» TASK PROMPT
Starting with the line that contains "주요 사업으로 ▲노후" and stopping after the line that contains "Потом аккуратно сгибаем", copy the entries below exactly. Include nothing else.

» DATA
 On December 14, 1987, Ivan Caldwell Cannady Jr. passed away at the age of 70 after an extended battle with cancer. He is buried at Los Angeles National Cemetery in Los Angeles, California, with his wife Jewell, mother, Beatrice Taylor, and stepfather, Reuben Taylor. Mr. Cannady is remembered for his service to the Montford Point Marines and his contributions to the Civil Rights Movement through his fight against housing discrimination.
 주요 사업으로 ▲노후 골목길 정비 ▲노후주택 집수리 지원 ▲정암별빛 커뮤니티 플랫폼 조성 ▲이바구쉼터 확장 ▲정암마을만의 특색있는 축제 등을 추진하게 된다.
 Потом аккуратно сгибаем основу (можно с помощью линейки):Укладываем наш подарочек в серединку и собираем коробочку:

...

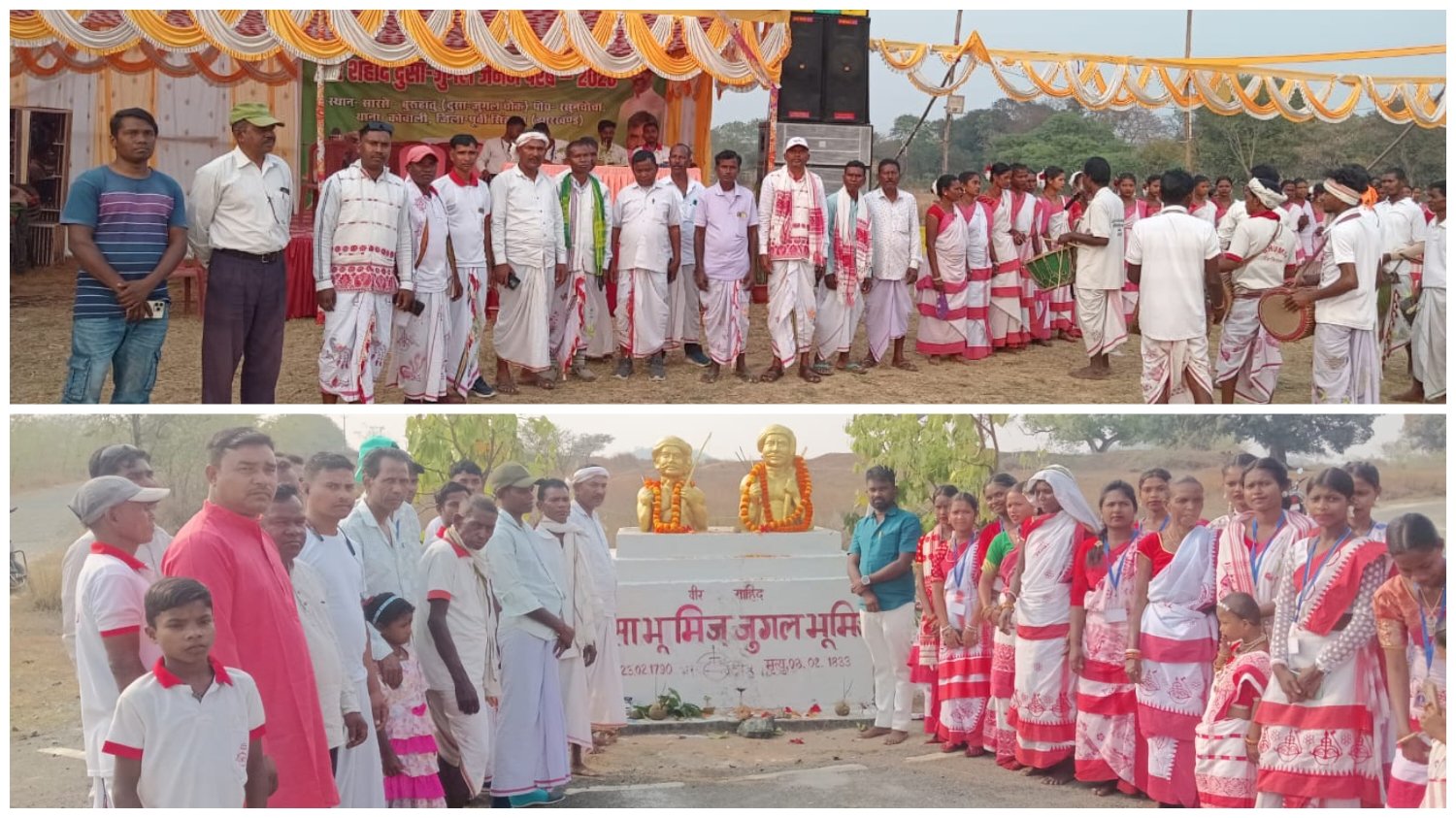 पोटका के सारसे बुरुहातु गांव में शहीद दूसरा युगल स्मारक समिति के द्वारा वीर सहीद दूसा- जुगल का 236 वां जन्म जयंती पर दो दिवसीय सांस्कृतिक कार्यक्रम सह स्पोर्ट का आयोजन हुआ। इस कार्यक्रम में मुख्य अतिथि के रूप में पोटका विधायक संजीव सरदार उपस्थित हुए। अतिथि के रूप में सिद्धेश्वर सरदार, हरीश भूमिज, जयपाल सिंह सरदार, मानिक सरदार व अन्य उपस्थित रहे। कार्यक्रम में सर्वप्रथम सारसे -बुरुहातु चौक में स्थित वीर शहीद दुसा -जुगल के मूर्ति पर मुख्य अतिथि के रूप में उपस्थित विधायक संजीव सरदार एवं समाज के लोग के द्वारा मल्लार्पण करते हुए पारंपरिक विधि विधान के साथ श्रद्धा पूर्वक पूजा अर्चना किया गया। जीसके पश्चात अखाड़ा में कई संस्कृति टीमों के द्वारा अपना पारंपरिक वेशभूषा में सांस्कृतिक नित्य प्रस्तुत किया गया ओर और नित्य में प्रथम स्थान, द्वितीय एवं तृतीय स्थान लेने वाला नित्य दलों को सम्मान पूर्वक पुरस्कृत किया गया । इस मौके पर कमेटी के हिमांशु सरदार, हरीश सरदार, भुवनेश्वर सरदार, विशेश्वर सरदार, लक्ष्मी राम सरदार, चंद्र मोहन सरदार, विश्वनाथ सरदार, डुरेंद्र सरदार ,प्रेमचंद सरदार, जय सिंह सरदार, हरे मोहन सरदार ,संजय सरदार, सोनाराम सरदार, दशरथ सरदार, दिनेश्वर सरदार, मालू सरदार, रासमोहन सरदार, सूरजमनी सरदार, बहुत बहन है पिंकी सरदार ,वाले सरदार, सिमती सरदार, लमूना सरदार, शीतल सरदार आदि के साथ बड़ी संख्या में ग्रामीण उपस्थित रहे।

» OUTPUT OF THE EXERCISE
 주요 사업으로 ▲노후 골목길 정비 ▲노후주택 집수리 지원 ▲정암별빛 커뮤니티 플랫폼 조성 ▲이바구쉼터 확장 ▲정암마을만의 특색있는 축제 등을 추진하게 된다.
 Потом аккуратно сгибаем основу (можно с помощью линейки):Укладываем наш подарочек в серединку и собираем коробочку:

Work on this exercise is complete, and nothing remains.